Nature reveals Google IMO gold medal model technical details: Core team of only 10 generates 80 million math problems for AI training in a year
Google DeepMind Unveils AlphaProof — IMO Gold Medal-Winning AI
Google DeepMind’s latest breakthrough in mathematical reasoning, AlphaProof, has been fully disclosed — including both its architecture and training methods.
Continuing DeepMind’s naming tradition, AlphaProof builds upon earlier successes like AlphaZero and now joins the ranks of Nature-published research.

---
Behind the Scenes: Development Insights
Lead author Tom Zahavy shared key moments from the project:
- Small, focused team — around 10 core members, with more joining near the IMO competition.
- Key breakthrough by Miklós Horváth (IMO gold medallist) — devised a method to generate multiple problem variations for training.
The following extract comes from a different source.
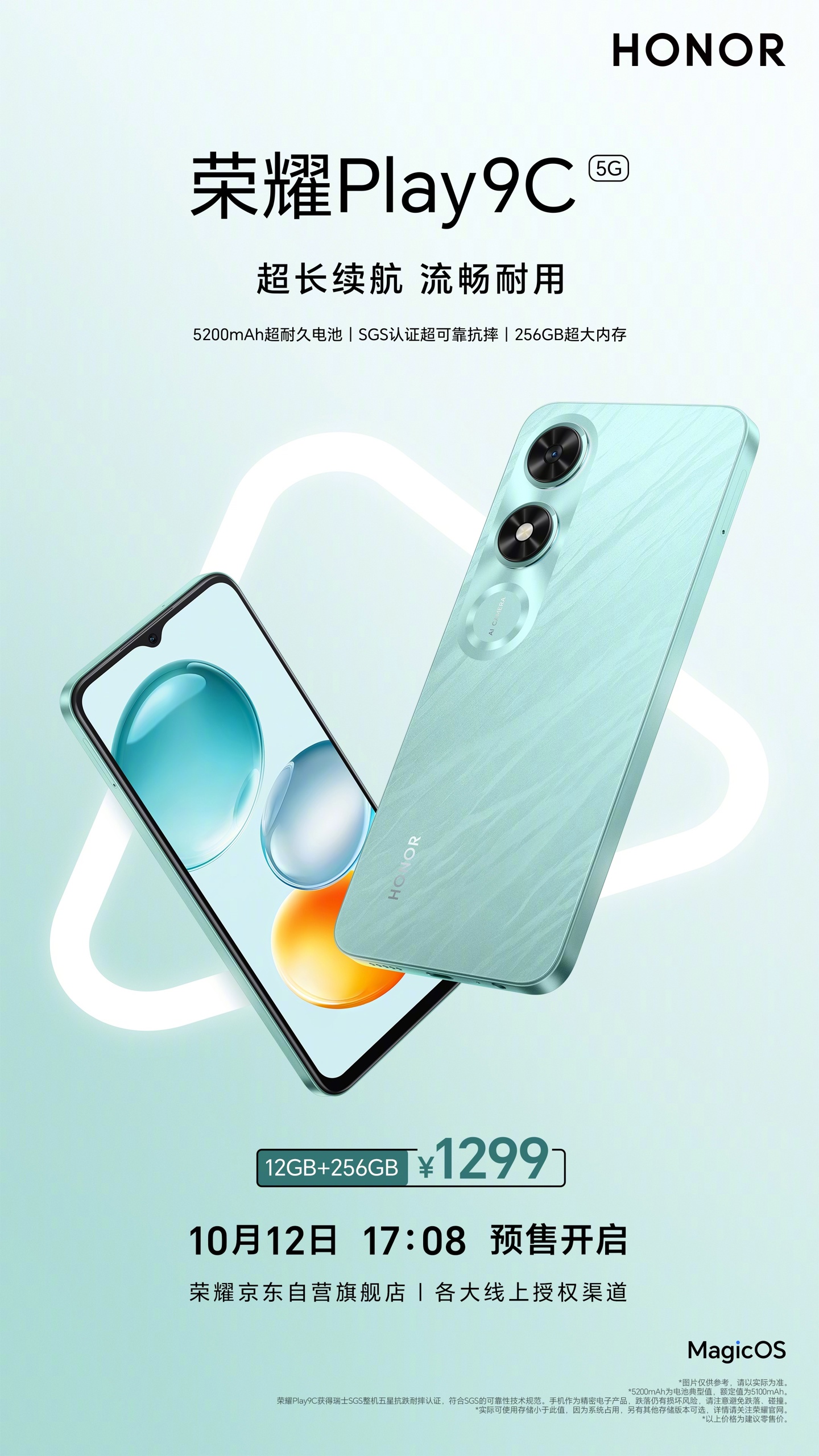 京东荣耀 Play9C 12GB+256GB1299 元直达链接

The team experimented for over a year, integrating only the most effective ideas into AlphaProof.
---
Core Concept: Turning Proof into a Game
AlphaProof transforms mathematical proving into a reinforcement learning environment using the Lean theorem prover:
- Each proposition becomes a new “game level.”
- The AI selects tactics to advance the proof.
- Success yields sub-goals; completing all goals finishes the proof.

---
Architecture & Training
Model Design
- 3-billion-parameter encoder-decoder transformer as the “brain.”
- Outputs:
- Next tactics to try.
- Steps remaining estimate.
Search Approach
- Modified AlphaZero-style tree search.
- AND-OR tree structure breaks proofs into independent subproblems.
- Progressive sampling explores diverse strategies.
Data Acquisition
- Pretraining — 300B tokens of code/math text for logic fundamentals.
- Fine-tuning — 300K human-written proofs from Mathlib.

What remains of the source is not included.